近期活動

2022/11/08 10:00AM-12:00PM

Romeo and Juliet’s gothic space in millennial, undead fiction: from Capulet crypt to Juliet’s body

Speaker: Sarah Olive (Bangor University, UK)

Venue: Online

Abstract

Previous work has established that Shakespeare’s Romeo and Juliet offers gothic authors, directors, and other artists a hospitable topos for their works. I extend this critical corpus to consider the way in which young adult (hereafter YA), undead novels written within a few years of each other, in the early twenty-first century read, and write, the Capulet crypt as a gothic space. I use the term ‘undead’ throughout since although the focus of this fiction is on vampires, some texts also include zombies and other revenants. The chosen novels belong to a moment of extreme popularity for Romeo and Juliet vampire fiction, usually by women writers, the best-known example being Stephenie Meyer’s Twilight saga. The texts of Meyer, Claudia Gabel, Lori Handeland, and Stacey Jay appropriate diverse elements from Romeo and Juliet, ranging from fleeting quotations to sustained reworkings of characters and plot. I conclude that a shift away from the confining and distressing gothic space in Shakespeare’s Romeo and Juliet as the Capulet crypt, onto Juliet’s body itself, is discernible in most of these retellings.
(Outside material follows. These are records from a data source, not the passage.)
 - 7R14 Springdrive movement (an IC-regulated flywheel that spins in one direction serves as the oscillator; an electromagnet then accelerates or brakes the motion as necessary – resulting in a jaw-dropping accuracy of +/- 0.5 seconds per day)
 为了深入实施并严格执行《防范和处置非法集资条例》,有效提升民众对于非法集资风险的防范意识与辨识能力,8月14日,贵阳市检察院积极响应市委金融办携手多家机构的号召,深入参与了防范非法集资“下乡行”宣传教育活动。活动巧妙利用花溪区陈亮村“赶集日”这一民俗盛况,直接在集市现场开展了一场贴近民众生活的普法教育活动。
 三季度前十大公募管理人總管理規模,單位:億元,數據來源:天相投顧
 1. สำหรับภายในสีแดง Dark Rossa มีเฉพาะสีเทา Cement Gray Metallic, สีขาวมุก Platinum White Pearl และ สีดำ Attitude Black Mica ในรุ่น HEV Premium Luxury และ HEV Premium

I demonstrate that these Juliet figures are gothically confined within their bodies – as the result of vampire contagion, supernatural pregnancy, and reworked versions of Friar Laurence’s potion, which render Juliet paralysed but fully conscious. This shift is explained with reference to the growth in popularity not just of female, but feminist, gothic. It is also explained in relation to the turn to the body in literary criticism from the 1990s onwards. In this way, Romeo and Juliet can be further understood as providing a hospitable topos for the twenty-first century feminisms of these authors of YA, undead fiction and, implicitly, their young, predominantly female, readers.